The other challenge is the show’s totemic status to a generation that feels ownership over Magenta, the Thinking Chair, Mrs. Pepper and the other inhabitants of Blue’s storybook world. Don’t panic — they’ll all be back, plus a few new citizens.
Still, Vince Commisso, president and chief executive of 9 Story Media Group, the production company behind the new show along with the animation studio Brown Bag Films, understands the risks. “Blue has the legacy and brand equity, but there’s a lot of pressure, because you can only screw it up,” he said, laughing.
Johnson and Angela Santomero, another creator, are determined not to let that happen. (A third creator, Todd Kessler, left “Blue’s Clues” in 2000.) Now in their 50s, the pair met at Nickelodeon in their early 20s when Santomero was using her master’s degree in child developmental psychology in the research department and Johnson was working as a freelance producer and animator. “We wanted to do something very simple and graphic and slow,” Santomero recalled. “Something where preschoolers were treated like they were smart, and felt empowered, emphasizing those social emotional skills. We were thinking of my hero — ”
“Mr. Rogers!” Johnson broke in, finishing the sentence, which they tend to do for one another.

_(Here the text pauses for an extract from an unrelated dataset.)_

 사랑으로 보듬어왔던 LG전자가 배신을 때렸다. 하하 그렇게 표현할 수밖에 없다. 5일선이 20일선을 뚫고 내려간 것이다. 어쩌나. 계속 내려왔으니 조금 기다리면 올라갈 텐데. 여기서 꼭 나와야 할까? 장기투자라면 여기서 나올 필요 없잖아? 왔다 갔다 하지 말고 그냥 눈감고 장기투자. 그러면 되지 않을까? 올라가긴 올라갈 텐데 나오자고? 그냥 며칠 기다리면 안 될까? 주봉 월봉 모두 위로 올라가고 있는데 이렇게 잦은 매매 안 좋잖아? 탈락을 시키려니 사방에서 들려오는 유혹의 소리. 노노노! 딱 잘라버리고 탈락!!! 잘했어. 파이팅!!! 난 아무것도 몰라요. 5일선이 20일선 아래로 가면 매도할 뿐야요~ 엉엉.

“We were young, and Nickelodeon took a chance on us,” Santomero said. “They were busy with other things, like working on Dr. Seuss. They left us alone in a little room to come up with something.”

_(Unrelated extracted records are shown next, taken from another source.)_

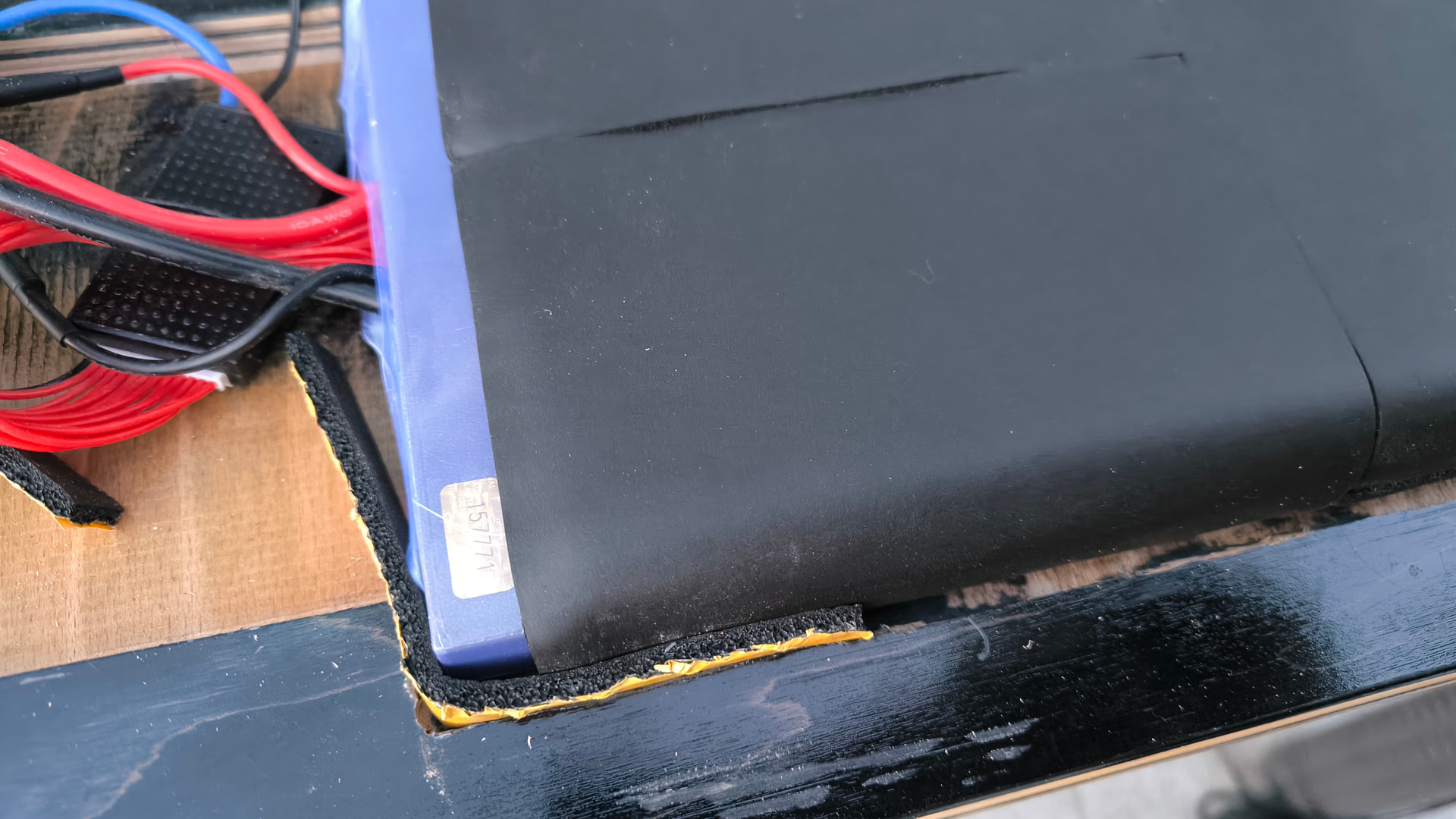 Since the build is on a tight Budget and i’m unemployed, the battery enclosure ist a diy Out of a thick rubber mat, which will BE Held together by Aluminium frames.
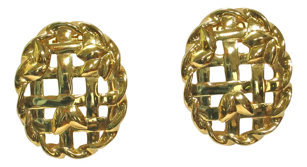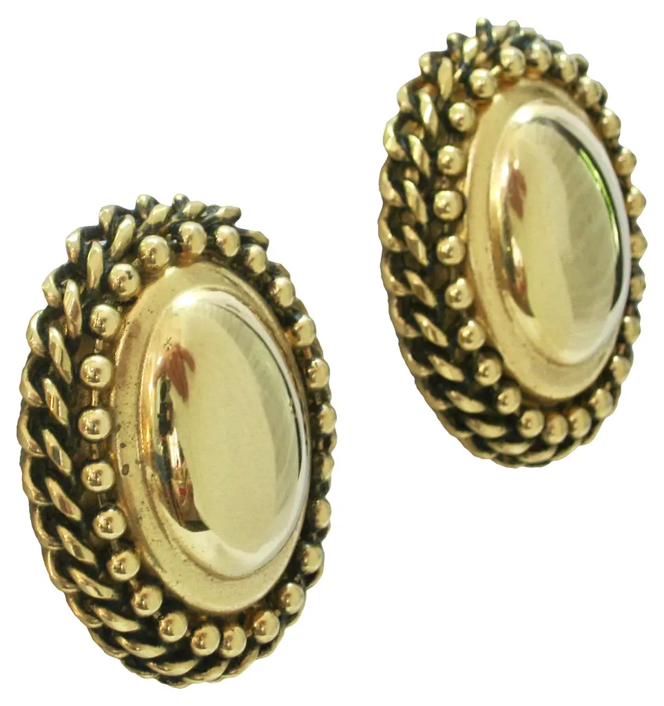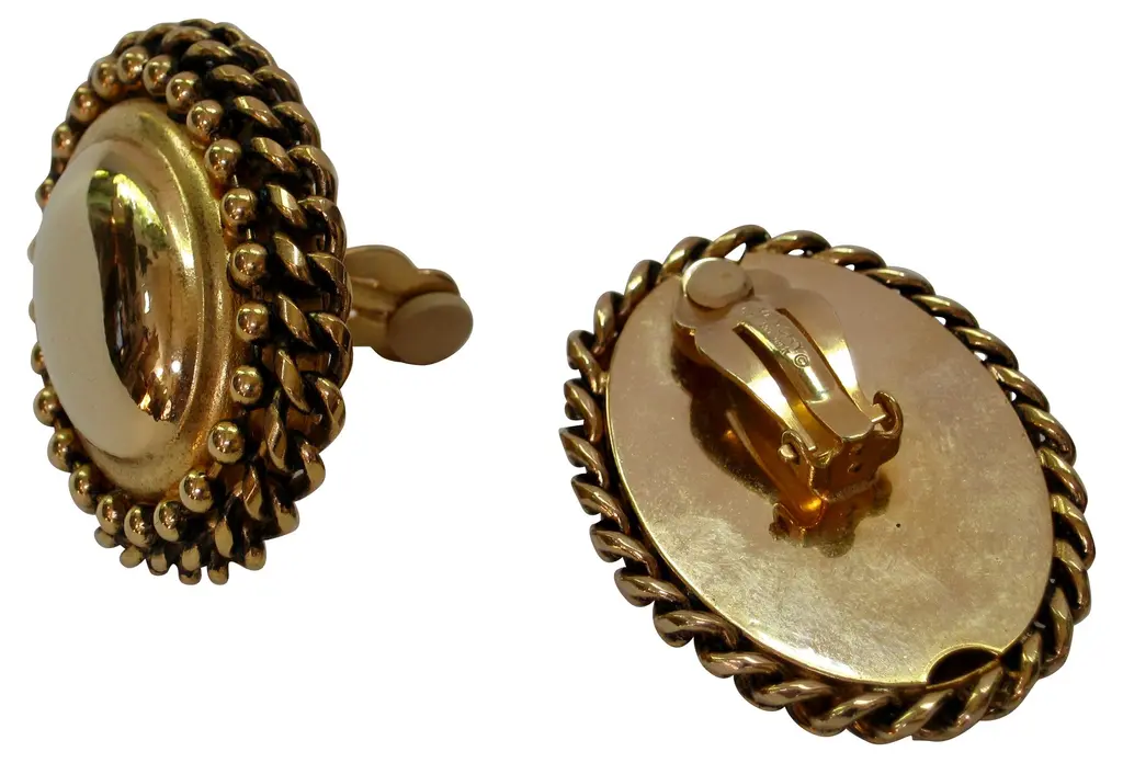 1980s Givenchy oval gold-plated clip-back earrings with cable trim. Signed "Givenchy, Paris, New York." From a private collection, never worn.
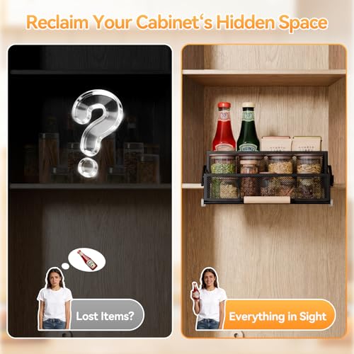 【Beyond the Kitchen: Organize Any High Cabinet】Designed to solve your kitchen’s high cabinet struggle, but its usefulness doesn’t stop there. Mount it anywhere with a door and depth: the bathroom for daily toiletries, the pantry for snack overflow, the garage for small hardware, or the closet for accessories. Wherever you have a cabinet and small items that play hide-and-seek, this pull-down shelf brings them to light
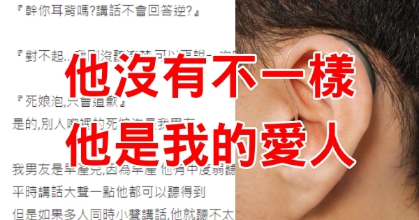 也因為沒有戴助聽器,有時候會漏聽到別人跟他說的話,加上我男友長得比較清秀,常常被同輩的誤會耍大牌、不理人、娘泡等...
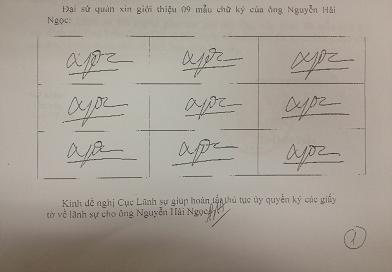 Bộ Ngoại giao đồng ý chấp thuận: đồng chí Nguyễn Hải Ngọc – Bí thư thứ nhất Đại sứ quán nước Cộng hòa xã hội chủ nghĩa Việt Nam được ký các giấy tờ về lãnh sự.

Most children’s TV at the time was built around male characters, but Blue would be a girl in the “boy” color of blue. She would never wear a bow. Using Johnson’s cutout animation style, her cartoon world would be clean and tactile, like a layered felt board, with lots of empty space. And while the storytelling would bolster kindergarten-readiness skills (at a time when the intensive parenting ethos was taking hold), it would also be silly — a halfhour with a single story line that would push children to actively listen.

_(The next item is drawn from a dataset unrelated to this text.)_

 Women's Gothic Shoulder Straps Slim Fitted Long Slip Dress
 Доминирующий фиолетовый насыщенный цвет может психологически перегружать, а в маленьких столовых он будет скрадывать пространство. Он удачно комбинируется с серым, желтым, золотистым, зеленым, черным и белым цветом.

Within months, “Blue’s Clues” was beating both “Sesame Street” and “Barney” in the ratings. There were reams of merchandise, a straight-to-video movie featuring Ray Charles, a Macy’s balloon — as well as a Peabody Award for excellence in broadcasting.
The show’s success demonstrated that educational research combined with advocacy could be profitable, said Alison Bryant, the author of “The Children’s Television Community.” “The fact that all TV shows today have educational curriculum consultants is definitely because of ‘Blue’s Clues,’” she said.
In 2004, the show was canceled, an event Santomero described as devastating, although the creators moved on. Fred Rogers’ estate approached Santomero to create a new series, which became “Daniel Tiger’s Neighborhood,” on PBS. Johnson joined her, but while they’ve worked together on other projects — including “Creative Galaxy” and “Super Why!” — every few years they would return to Nickelodeon to sniff out the possibility of bringing Blue back.
In 2017, they got the goahead to develop a reboot from Sarah Landy, a development executive at Nickelodeon Preschool, who just happened to be a former assistant on “Blue’s Clues.” Not long after came an order for 20 episodes.
But will today’s overstimulated 2- to 5-year-olds find a springy dog and her human sidekick a little basic? “Kids have more access to technology. They’re more visual. But from a child development perspective, emotionally, they’re the same. If anything, they need to slow down and take a step at a time more than ever,” said Santomero, quoting the show’s theme song.